# Ruger deerfield carbine questions



## Big Game (Feb 7, 2002)

I was at the local gun store today and saw a Ruger all weather ranch rifle. I was told that I couldn't get one in .44 magnum with the synthetic stock and stainless barrel. I guess my options are to go with an aftermarket stock on a deerfield carbine. Or another option would be to go with the mini 30 with synthetic stock but that comes in 7.62x39mm. 

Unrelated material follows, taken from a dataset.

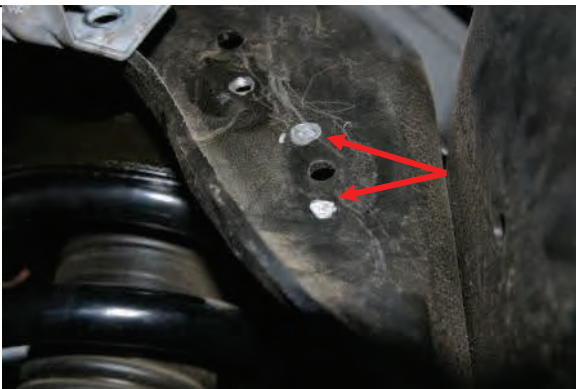
Use 3/16 drill and reuse OE mounting bolt to reattach.

Next, reinstall wheels/tires lower to ground and torque. Then tighten lower strut mounting hardware and inner lower control arm hardware to spec. as shown in the next step.

What I really want to use the gun for is for bear when they are up a tree. I normally carry my .44 mag handgun and thought at times it would be nice to have the option of using a rifle in .44 mag. That way I could use the same ammo for both. The reason for the ruger rifles is that they are short and nice for carrying when chasing dogs. Could anybody offer advice to help me figure out what to do. Whould the 7.62x39mm be an efficient bear gun. Keep in mind that most bears are shot at close range (up a tree) when using dogs.


----------



## Swamp Monster (Jan 11, 2002)

The 7.62x39 would work as long as you use soft point bullets. It has similiar performance a close range at the 30-30 with 150 grain bullets. The one problem with factory 7.62x39mm is the lack of loads featuring heavier bullets than 125-129gr. I would research your ammo choices before purchasing this caliber or reload your own. In your case, I think a .44 rifle loaded with heavy well constructed bullets would be about perfect. I'm not sure how hung up you are on an auto, but Ruger does make the 77/44 bolt gun in stainless/composite configuration. This gun is light and compact. Another good option that is much cheaper than the auto (in most shops) in the 96/44 lever gun. Those plain wood stocks can take a pretty good beating and are pretty cheap to replace. A Winchester or Marlin carbine in .44 would also be a great choice and offer plenty of ammo capacity.


----------



## Big Game (Feb 7, 2002)

Thanks for the response. After I posted I found some ballistics for the 7.62x39. I don't think I would be happy using it for bear. I really am hung up on that all weather look though. Just wish it came in .44 mag. Looks like I'll have to go with the deerfield carbine or maybe the lever gun in .44. I haven't looked into the Marlins though. What do they have to offer in a 44 carbine? Do you know of anybody that makes a good quality aftermarket synthetic stock for that deerfield?


----------



## Swamp Monster (Jan 11, 2002)

I'm not sure if there are any aftermarket stocks available for the Deerfield, but there is a good chance there is. Marlin makes a .44 lever, can't remember the exact model at this moment though. Marlin does make the popular Guide Gun series in the Ruger .480/.475 Linebaugh which is an awesome round, a substantial increase over the .44 mag. And it would give you an excuse to buy a Ruger revolver in the same caliber! Marlin used to make an 1894 (?) carbine version in .44 mag as well, but it has been discontinued. Might beable to find one still on a shelf or a used model. It's very similiar to the guide gun, just a different action.


----------



## dogjaw (Nov 8, 2000)

The Marlin 1894PG: http://www.marlinfirearms.com/firearms/1894_centerfireRifles/1894PG.htm
Marlin 1894SS: http://www.marlinfirearms.com/firearms/1894_centerfireRifles/1894SS.htm


----------



## CMR (Jul 25, 2003)

I'd go for the Marlin or the Winchester. Stronger action, especially if ya reload.


----------